--- Collected data Enclosed Below ---
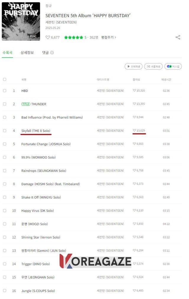 این آلبوم که امروز، ۲۶ مِی (۶ خرداد) منتشر شد، شامل ۱۶ آهنگه: آهنگ اصلی “THUNDER” (تاندر)، دو آهنگ فرعی و آهنگهای تکی برای هر کدوم از ۱۳ عضو گروه. در حالی که طرفدارها دارن خلاقیت و تلاش گروه رو جشن میگیرن، یه بحث و جدل رو به رشد دربارهی قابلیت “لایک” در پلتفرم Melon (مِلون) بین کاربران کرهای اینترنت بالا گرفته.
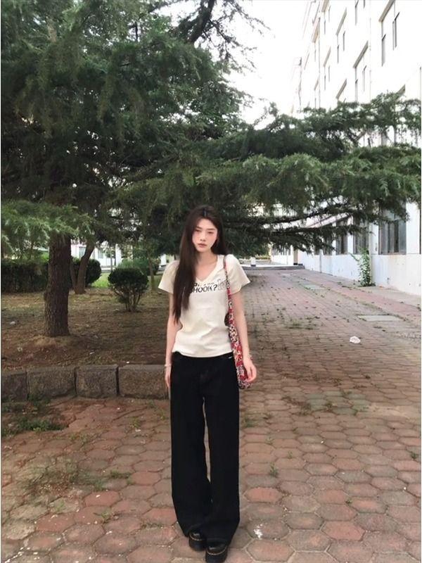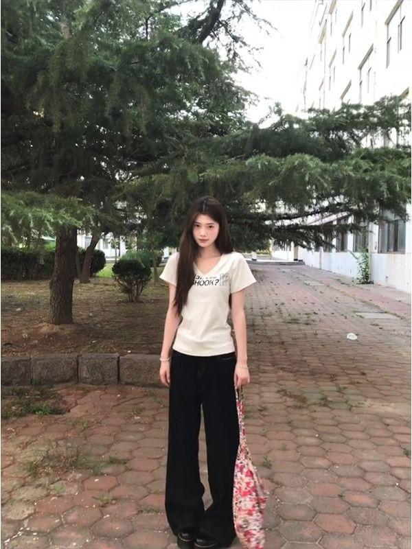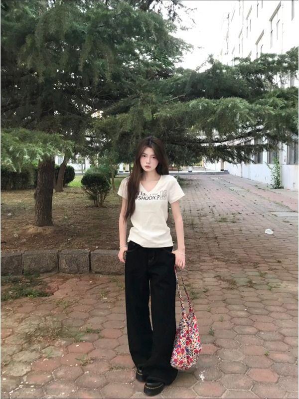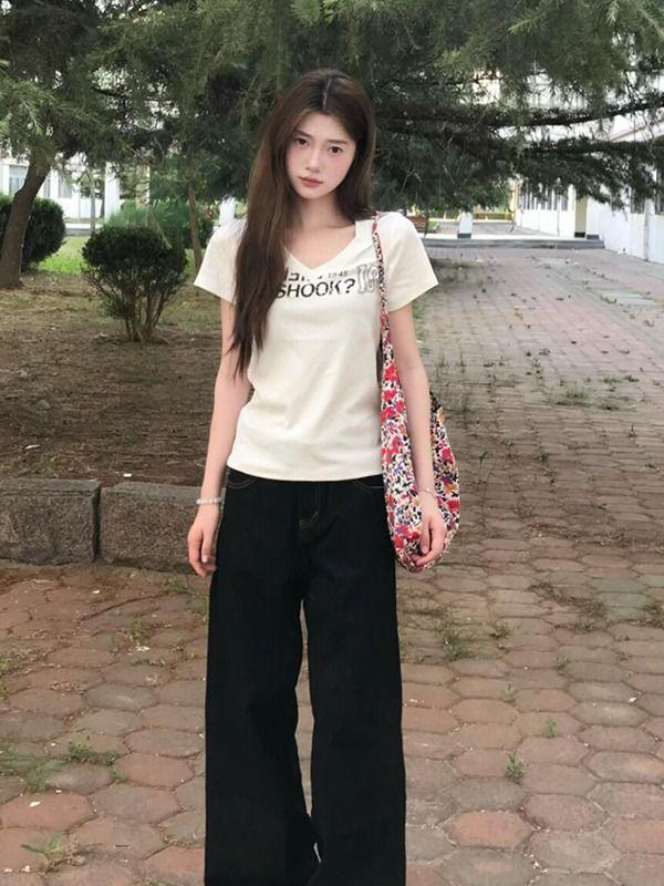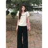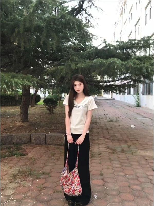 Camiseta de manga corta de algodón puro con cuello en V y hombro recto de nicho con sentido del diseño para mujer, verano, chica caliente americana, corte corto ajustado adelgazante, top
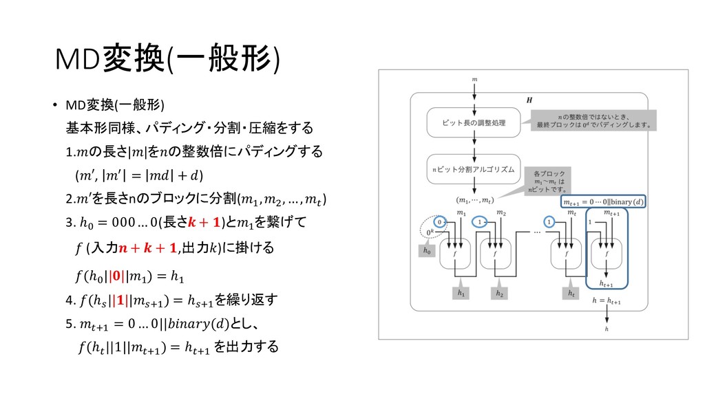 MD変換(一般形) • MD変換(一般形) 基本形同様、パディング・分割・圧縮をする 1.の長さ||をの整数倍にパディングする (′, 7 = + )
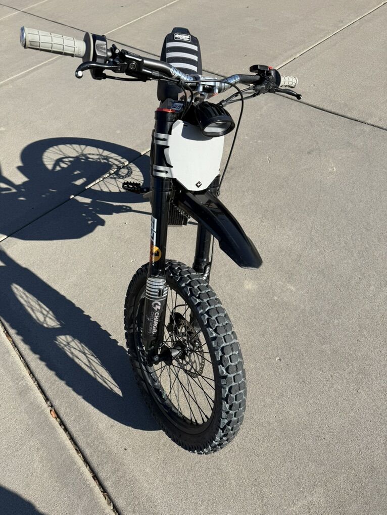 ApplePayThis thing is awesome, basically brand new. Have over 1800 worth of upgrades on it. Comes with a ton of extras. It got upgraded forks, triple clamps, pegs, peg brace, peg bracket, handle bars. Seat cover, bar mount, Rotors, tires. Most of the upgrades are all warp 9. 50mph top speed and around 40-60 miles of range on average. Works and runs like New, message me if you have any questions.
--- End of Enclosed Collected data ---
What you need to do
The pictures in the listing above are to be dropped, and everything else reproduced exactly.

Exercise output
 این آلبوم که امروز، ۲۶ مِی (۶ خرداد) منتشر شد، شامل ۱۶ آهنگه: آهنگ اصلی “THUNDER” (تاندر)، دو آهنگ فرعی و آهنگهای تکی برای هر کدوم از ۱۳ عضو گروه. در حالی که طرفدارها دارن خلاقیت و تلاش گروه رو جشن میگیرن، یه بحث و جدل رو به رشد دربارهی قابلیت “لایک” در پلتفرم Melon (مِلون) بین کاربران کرهای اینترنت بالا گرفته.
 Camiseta de manga corta de algodón puro con cuello en V y hombro recto de nicho con sentido del diseño para mujer, verano, chica caliente americana, corte corto ajustado adelgazante, top
 MD変換(一般形) • MD変換(一般形) 基本形同様、パディング・分割・圧縮をする 1.の長さ||をの整数倍にパディングする (′, 7 = + )
 ApplePayThis thing is awesome, basically brand new. Have over 1800 worth of upgrades on it. Comes with a ton of extras. It got upgraded forks, triple clamps, pegs, peg brace, peg bracket, handle bars. Seat cover, bar mount, Rotors, tires. Most of the upgrades are all warp 9. 50mph top speed and around 40-60 miles of range on average. Works and runs like New, message me if you have any questions.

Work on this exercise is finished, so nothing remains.